Georgia college tried to restrict Christian speech to small zones on campus.
In 2016, a student at a public college in Georgia felt called to share his Christian faith with others on campus. That student, Chike Uzuegbunam, set out to distribute Christian pamphlets and engage his fellow students at Georgia Gwinnett College, northeast of Atlanta, in conversations about Christ. A campus police officer told him he was out of bounds because the university’s policy required him to stand in a designated area to conduct his proselytizing.
Uzuegbunam obeyed the officer, but a college official explained that he could speak about religion and distribute materials in two small “free speech zones” after securing a permit.
But, according to a U.S. Supreme Court summary of the case, when Uzuegbunam obtained the permit and tried to speak in a free speech zone, a campus police officer again asked him to stop, this time saying that people had complained about his speech.
“Campus policy at that time prohibited using the free speech zone to say anything that ‘disturbs the peace and/or comfort of person(s),’” the court explained. “The officer told Uzuegbunam that his speech violated campus policy because it had led to complaints, and the officer threatened Uzuegbunam with disciplinary action if he continued. Uzuegbunam again complied with the order to stop speaking. Another student who shares Uzuegbunam’s faith, Joseph Bradford, decided not to speak about religion because of these events.”
Both Uzuegbunam and Bradford sued certain college officials charged with enforcement of the college’s speech policies, arguing that these policies violated the First Amendment. The students sought an injunction against enforcement of the policy and nominal damages, a largely symbolic monetary amount. The college eventually changed the policy, then sought dismissal of the case on the ground that the policy change left the students without standing to sue.

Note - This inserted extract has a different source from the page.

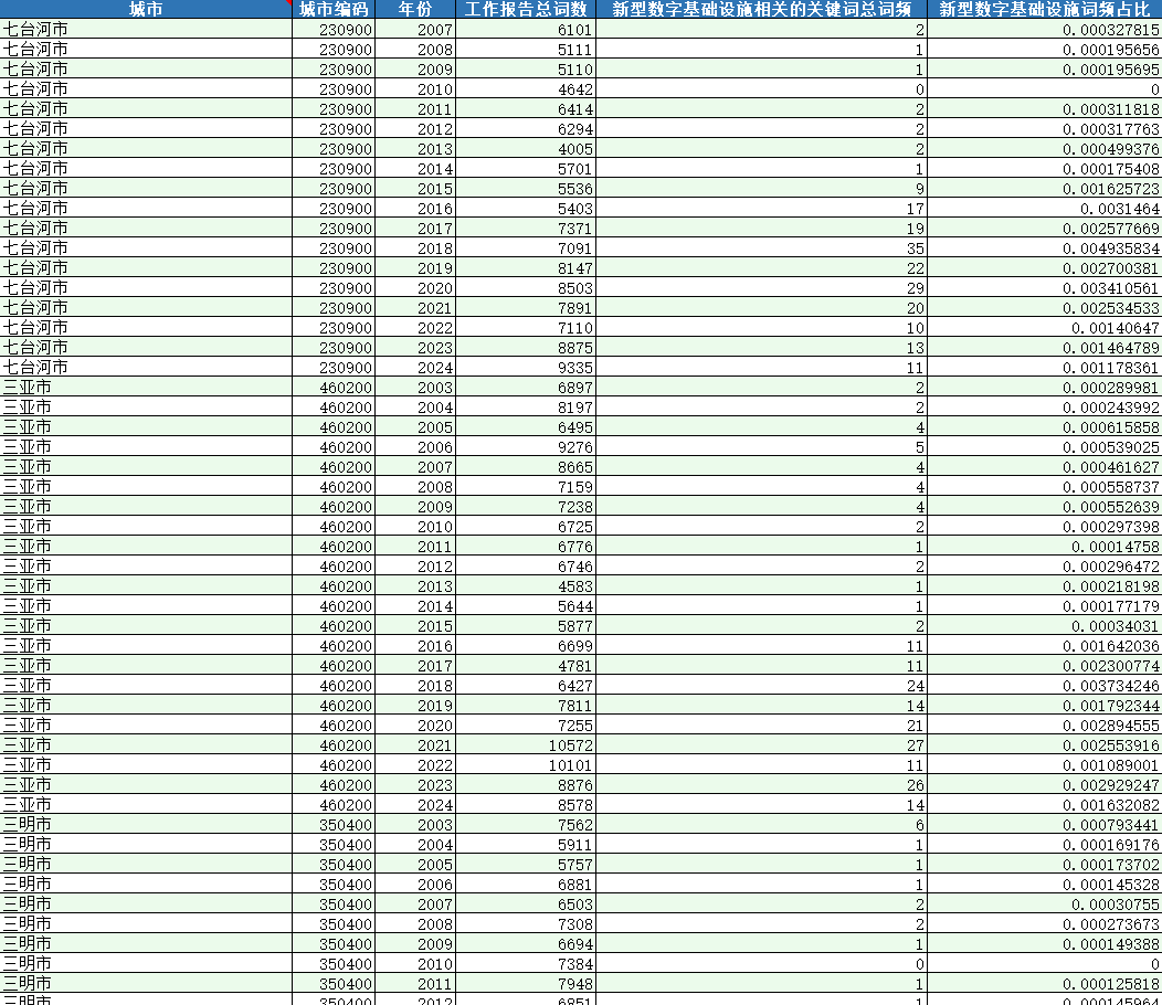 城市 城市编码 年份 工作报告总词数 新型数字基础设施相关的关键词总词频

Though Uzuegbunam and Bradford agreed that the policy change rendered their request for injunctive relief moot, they disputed whether they had standing to maintain the suit based on their remaining claim for nominal damages. The Atlanta-based U.S. Court of Appeals for the Eleventh Circuit held that while a request for nominal damages can sometimes keep a case alive, the students’ plea for nominal damages alone could not by itself establish standing.

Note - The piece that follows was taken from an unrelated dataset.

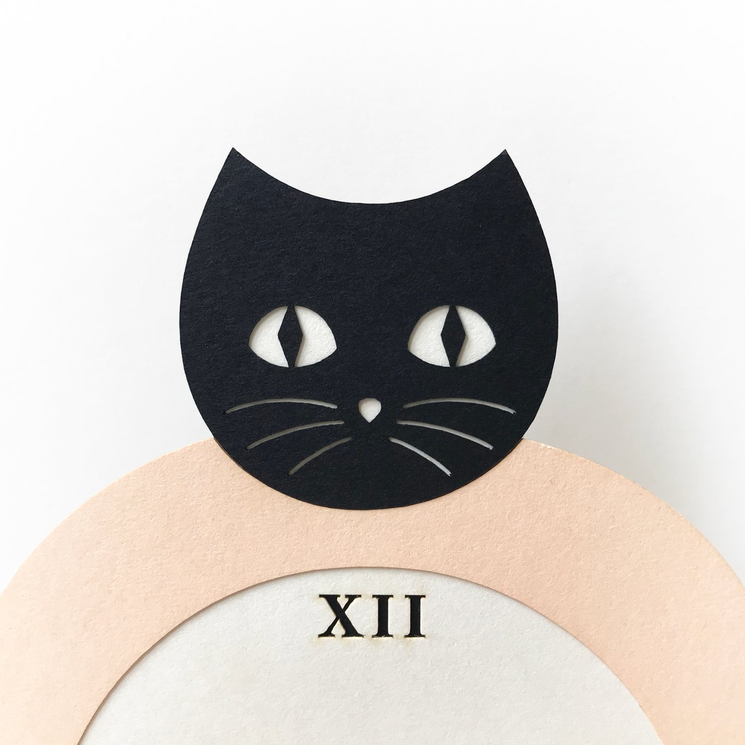 . papier découpé contrecollé sur bois MDF . dimensions : 20x9.5 cm . couleurs : noir, rose pâle, rouge, vert amande . fonctionne avec 1 pile 1.2V . horloge vendue sans pile

On Monday, in an 8-1 decision, the Supreme Court ruled that Uzuegbunam and Bradford can continue their lawsuit. Chief Justice John Roberts was the sole dissenter, pointing out that Uzuegbunam and Bradford are no longer students at the college and have not alleged actual damages, and that the speech policy no longer exists.
But the majority opinion, written by Justice Clarence Thomas, said it is “undisputed that Uzuegbunam experienced a completed violation of his constitutional rights when respondents enforced their speech policies against him.”
Citing a legal precedent that said that because every violation of a right “imports damage,” Thomas wrote that “nominal damages can redress Uzuegbunam’s injury even if he cannot or chooses not to quantify that harm in economic terms.”
Amy Howe, who writes for the SCOTUS Blog, boiled down Thomas’ long and winding legal reasoning in the decision:
Thomas began by looking back at the role of nominal damages in early English and American law. It was “well established,” he explained, that nominal damages were available when rights were violated, even “without furnishing any evidence of actual damage.” Otherwise, Thomas observed, there would have been no remedy at all for some violations, “such as due process or voting rights, that were not readily reducible to monetary valuation.”
Kristen Waggoner, General Counsel of Alliance Defending Freedom, who argued the case before the Supreme Court in January, said on Monday that the high court “has rightly affirmed that government officials should be held accountable for the injuries they cause.
“When public officials violate constitutional rights, it causes serious harm to the victims,” Waggoner said in a statement. “Groups representing diverse ideological viewpoints supported our clients because the threat to our constitutionally protected freedoms doesn’t stop with free speech rights or a college campus. When government officials engage in misconduct without consequences, it leaves victims without recourse, undermines the nation’s commitment to protecting constitutional rights, and emboldens the government to engage in future violations.”